SELECT term, collect_set(index) AS documents
FROM (
SELECT index, explode(normalized) AS term
FROM indexed_w_tokens
)
GROUP BY term
ORDER BY term
inverted_index = indexed_w_tokens\
.selectExpr('index', 'explode(normalized) AS term')\
.distinct()\
.groupBy('term').agg(collect_set('index').alias('documents'))\
.persist()
inverted_index.show(10)
| term | documents | |
|---|---|---|
| 0 | aaangel.qdeck.com | [198] |
| 1 | accumulation | [857] |
| 2 | adventists | [314] |
| 3 | aecfb.student.cwru.edu | [526] |
| 4 | again...hmmm | [1657] |
| 5 | alt.binaries.pictures | [815] |
| 6 | amplifier | [630, 624, 654] |
| 7 | antennae | [484, 482] |
| 8 | apr..gordian.com | [1086] |
| 9 | apr..lokkur.dexter.mi.us | [292] |
This is our inverted index. We can see that the term “amplifier” occurs in documents 630, 624, and 654. With this information, we can quickly find all documents that contain particular terms.
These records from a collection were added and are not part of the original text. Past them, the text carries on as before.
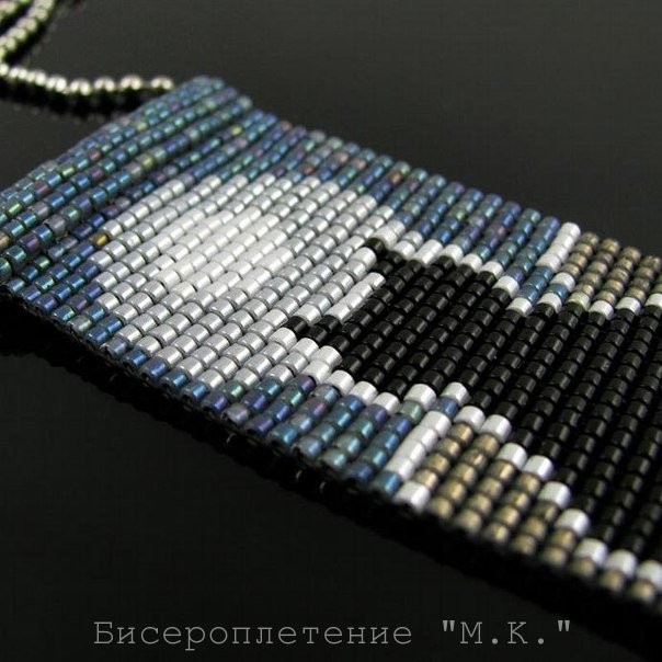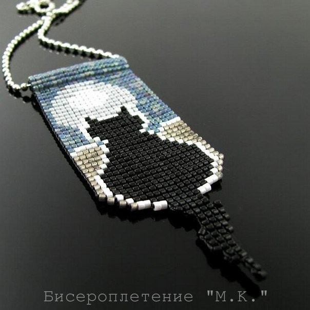Кулон из бисера "Силуэт кошки на фоне луны"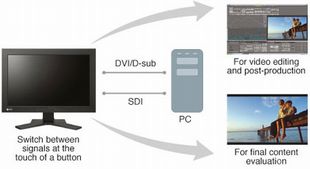 ColorEdge CG232W oferuje wiele funkcji spełniających wymagania stawiane urządzeniom do post-produkcji, obejmujących płynną gradację barw, ocenę gotowego materiału lub nieliniową edycję video na potrzeby stacji telewizyjnych. Za pomocą jednego przycisku na przedniej ściance monitora można przełączać się między źródłami sygnału PC i SDI, co umożliwia wykorzystanie jednego urządzenia zarówno do edycji materiału, jak i referencyjnego odtwarzania i oceny.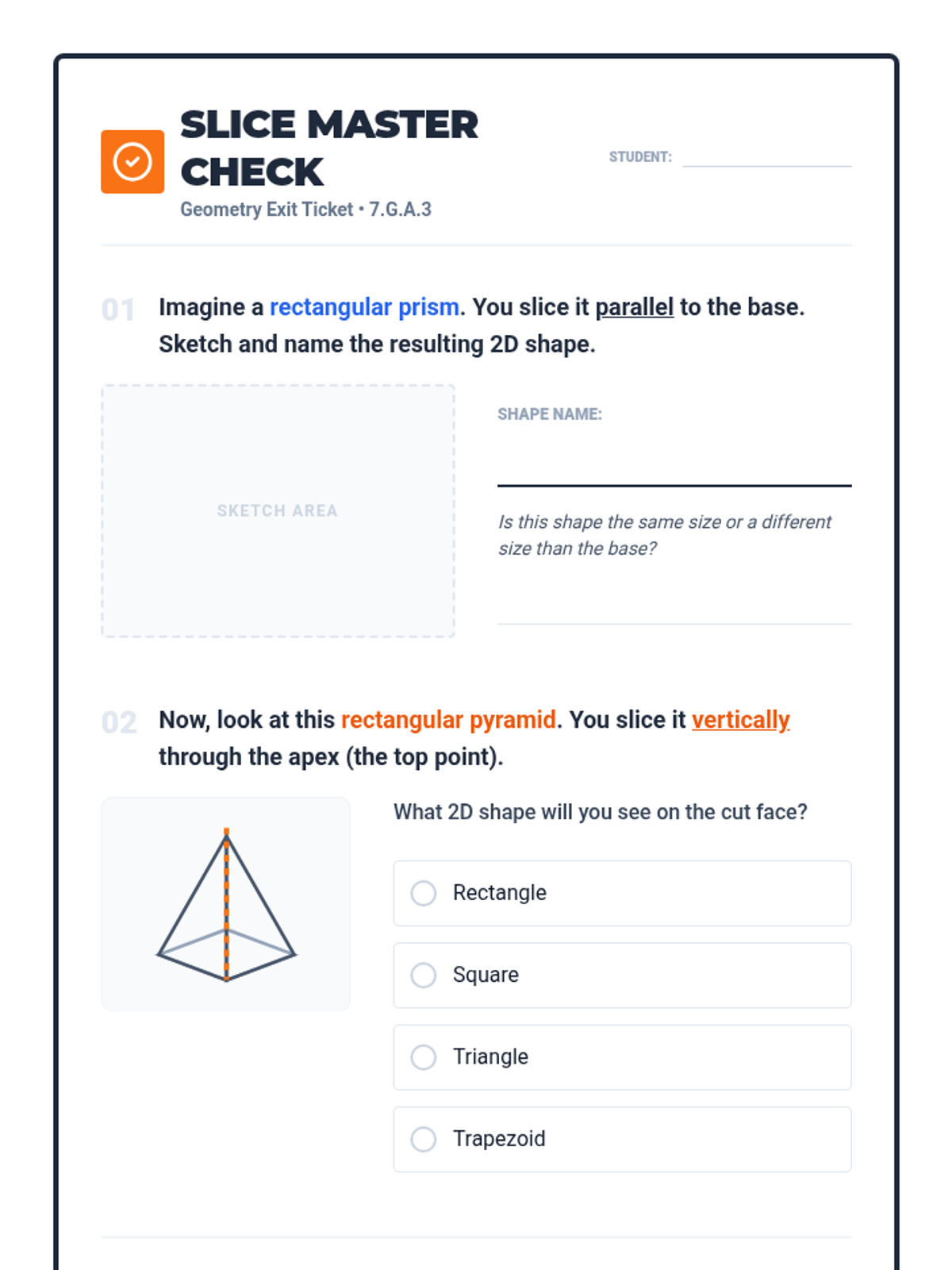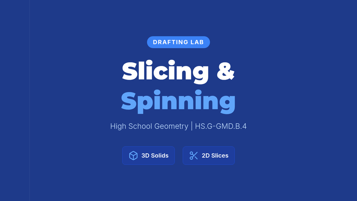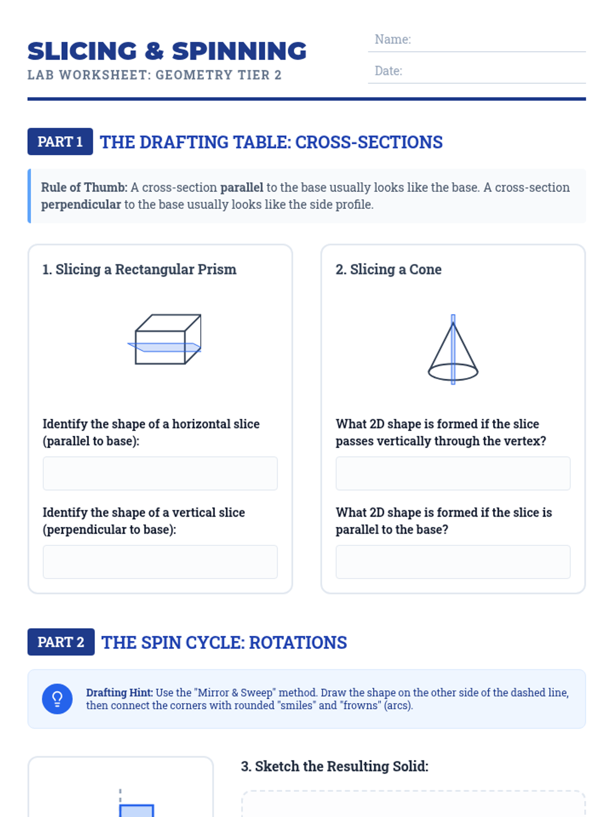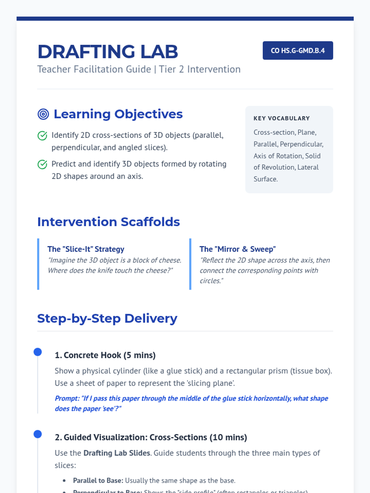 A targeted Tier 2 intervention lesson focusing on the visualization of cross-sections and solids of revolution. Students use a 'Drafting Lab' theme to master identifying 2D slices and 3D rotations through scaffolded practice and visual models.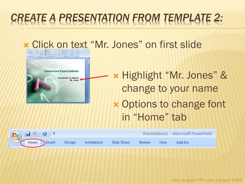 Click on text “Mr. Jones” on first slide Julia Hengstler PPT Level 1(August 2009) Create a Presentation from template 2: • Highlight “Mr. Jones” & change to your name • Options to change font in “Home” tab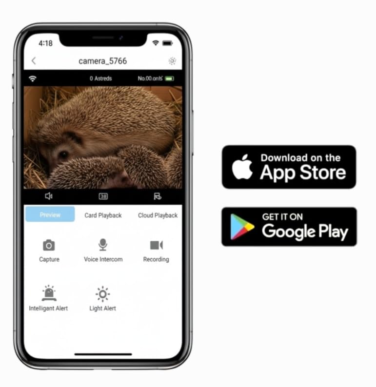 - HD Wildlife Camera with App View – Enjoy 1080p HD live streaming via Wi-Fi connection. The built-in infrared night vision and microphone let you see and hear hedgehogs clearly, day or night, directly from your smartphone (iOS & Android).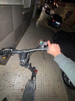 patinete eléctrico todoterreno potente, con doble motor de 1200W (2400W total), velocidad máxima de 70 km/h, autonomía de hasta 80 km y batería de 52V 23.2Ah, destacando por sus frenos hidráulicos, suspensión doble, ruedas neumáticas de 10" todoterreno, e iluminación completa. Manillar en fibra de carbono,(cambiado) el patinete está totalmente nuevo lo mires por donde lo mires.se puede ver y probar sin compromiso es una pasada,regalo otro faro delantero sin estrenar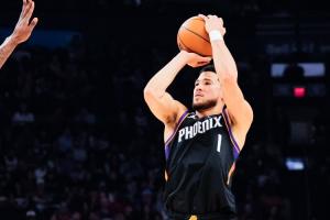上半场,太阳后卫布克表现一般,出场15分钟4投2中,三分2中0、罚球3中3拿到7分4助攻,正负值-7。

Another benefit is that this inverted index is based on the size of our vocabulary, not on the amount of text in our corpus, so it is not big data. The inverted index grows only with new terms and document indices. For very large corpora, this can still be a large amount of data for a single machine. In the case of the mini_newsgroups data set, however, it is easily manageable.
Let’s see how big our inverted index is.
inverted_index.count()
42624
For us, since we have such a small number of documents, the inverted index has more entries than the index. Word frequencies follow Zipf’s law—that is, the frequency of a word is inversely proportional to its rank when sorted. As a result, the most-used English words are already in our inverted index. This can be further constrained by not tracking words that don’t occur at least a certain number of times.
inverted_index = {
term: set(docs)
for term, docs in inverted_index.collect()
}
Now we can begin our most basic ranking function—simple Boolean search. In this case, let’s look up all the documents that contain the words “language” or “information.”
lang_docs = inverted_index['language']
print('docs', ('{}, ' * 10).format(*list(lang_docs)[:10]), '...')
print('number of docs', len(lang_docs))
docs 1926, 1937, 1171, 1173, 1182, 1188, 1830, 808, 1193, 433, ... number of docs 44
info_docs = inverted_index['information']
print('docs', ('{}, ' * 10).format(*list(info_docs)[:10]), '...')
print('number of docs', len(info_docs))
docs 516, 519, 520, 1547, 1035, 1550, 1551, 17, 1556, 22, ... number of docs 215
filter_set = list(lang_docs | info_docs)
print('number of docs in filter set', len(filter_set))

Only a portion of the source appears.